5: Expert/Excellent; 4: Advanced/Good; 3.75: Basic/Satisfactory; 3.53.0: Needs Significant Work; 2: Barely Acceptable; 1: Unacceptable

PROPOSAL (5%) DUE by the deadline specified on the course site; returned the following class period.


ON TIME: The video essay should be submitted by the deadline specified on the course site. TITLE: Preceding the video should be a title that draws in the reader and reflects the creators' argument. Some form of NARRATION should properly lead the viewers through the argument. LENGTH: about 4.5 min (not underdeveloped, not excessive) indicating the creator has control over the argument.


THE THESIS should be easy to locate, arguable, clearly stated, and able to be supported with evidence. FORMAL ELEMENTS/QUANTITY: While it may necessarily focus more on some than others, the video essay should touch on all four stylistic elements of film art (mise-en-scene, cinematography, editing, sound). ACCURACY: The author of video essay should accurately identify the formal elements throughout the video essay. QUALITY: All evidence should relate to the thesis; there should be no question about its purpose or significance.

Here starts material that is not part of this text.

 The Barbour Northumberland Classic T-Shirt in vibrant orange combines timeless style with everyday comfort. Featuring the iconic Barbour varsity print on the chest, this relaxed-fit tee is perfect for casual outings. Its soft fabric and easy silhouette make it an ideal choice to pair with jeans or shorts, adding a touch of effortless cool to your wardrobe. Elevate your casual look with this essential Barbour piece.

STYLE: The project should be aesthetically pleasing. The author should consider formal issues in addition to content (i.e., the creator must consider ideas of image, voice, pacing, text, sound, music, montage, rhythm, etc.). Edits/transitions should be clean, functioning as guideposts, leading the reader from one point to another. Sound should be loud enough that the viewer doesn't have to strain to hear.

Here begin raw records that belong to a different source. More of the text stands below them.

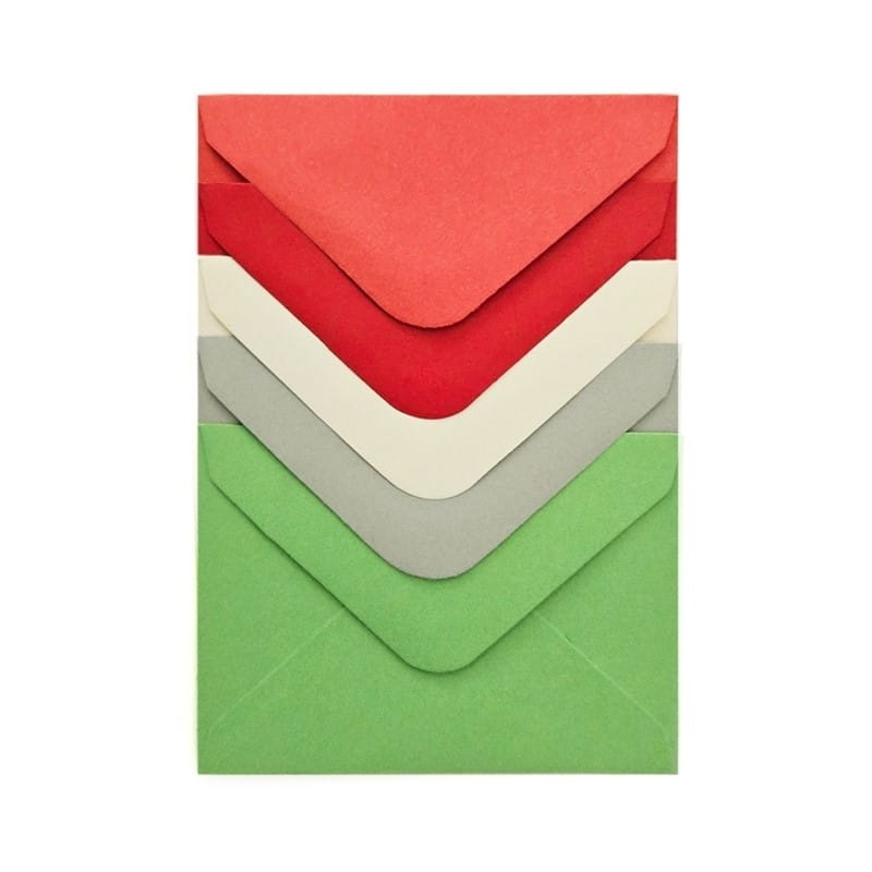Koperta ozdobna 70 x100 mm satynowa mix kolorów czerwonych i zielonych 110g/m2 10szt.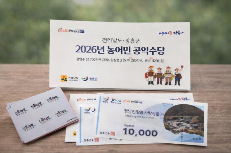 2026년 공익수당은 ‘장흥사랑상품권’으로 지급되며, 해당 상품권은 정책 발행분으로 지역 내 시장, 마트, 음식점 등 장흥군 가맹점에서 사용이 가능하다.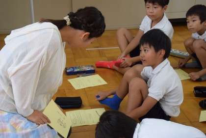 測定の前に、養護教諭から話をきいて、自分のがんばっているところ、よいところを見つける取り組みをしました。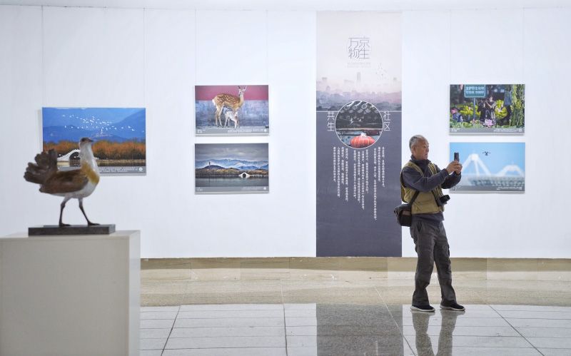 “京生万物”北京野生动物摄影作品展聚焦北京本土生态,50幅作品以北京地标为背景,展现古建野趣、社区共生、山水秘境中的野生动物,另有100余种北京野生动物影像组成的巨幅“京生万物”鸟兽百图辅以物种二维码,展示了北京的生物多样性。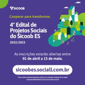 Teve início no dia 1º de abril e segue até o dia 15 de maio as inscrições para o 4º Edital de Projetos Sociais do Sicoob ES.
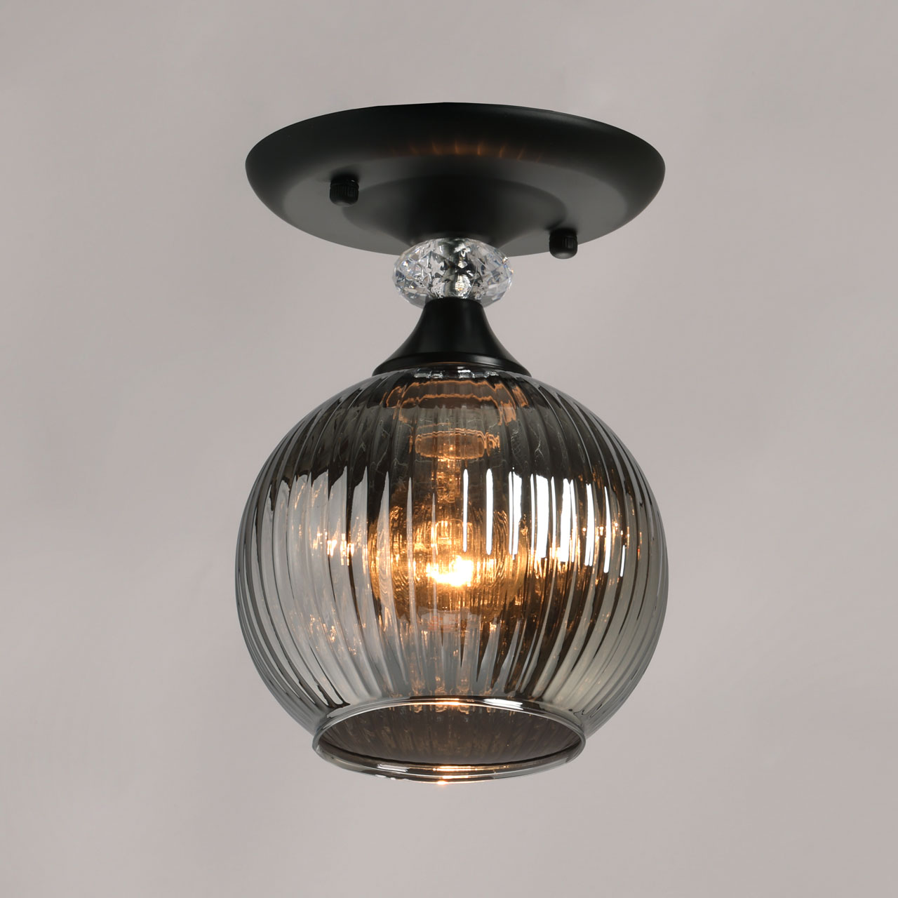 Металлическое основание светильника окрашено в черный цвет. Стеклянный плафон отлит в сложную форму и гальванизирован в дымчатый цвет. У основания светильник декорирован прозрачным хрусталем.

ON TIME: The supplemental report should be submitted by the deadline specified on the course site. LENGTH: roughly 4 pages (not underdeveloped, not excessive), indicating the creator has control over the argument. FILM TITLES (and titles of TV shows, books, newspapers, journals, websites) should be underlined or italicized. ACTORS' NAMES and the DIRECTOR/RELEASE DATE should be placed in parentheses the first time they are cited.

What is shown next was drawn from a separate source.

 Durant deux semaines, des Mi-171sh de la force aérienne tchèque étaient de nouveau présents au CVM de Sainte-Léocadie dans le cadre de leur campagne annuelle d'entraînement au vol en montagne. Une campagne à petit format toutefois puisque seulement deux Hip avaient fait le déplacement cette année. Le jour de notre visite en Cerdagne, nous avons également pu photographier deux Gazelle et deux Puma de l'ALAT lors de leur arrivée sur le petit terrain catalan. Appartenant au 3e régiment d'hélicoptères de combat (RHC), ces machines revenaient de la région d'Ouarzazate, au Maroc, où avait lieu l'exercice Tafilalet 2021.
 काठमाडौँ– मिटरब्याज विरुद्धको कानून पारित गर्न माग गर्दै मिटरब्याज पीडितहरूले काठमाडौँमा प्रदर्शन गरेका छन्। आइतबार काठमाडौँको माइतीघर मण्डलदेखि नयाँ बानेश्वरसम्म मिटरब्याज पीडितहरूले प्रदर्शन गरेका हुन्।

CONTENT/GOAL: This paper should serve as an accompaniment to your visual presentation and a continuation of your argument. It should include pertinent evidence/information, images, dialogue, etc. the shot analysis/video essay may have omitted because of the time constraint (e.g., why the author selected certain clips/images and ignored others, why s/he took on the argument s/he did, and what others might say in response). The author might also consider the project's aesthetics: the ordering, shot/scene transitions used, background music and narration style chosen, etc. and how these decisions support the thesis and the overall scope of the video essay. CONCLUSION: The essay should sum up the project and ask the viewer to think further about the film, messages, etc. A BIBLIOGRAPHY should be included at the end of the video essay project or in the report. GRAMMAR, PUNCTUATION, ETC.: Responses should be free of mechanical, syntactical, grammatical, and punctuation errors that make it difficult and tedious to read. Also, topic sentences and transition words should function as guideposts, leading the reader from one point to another.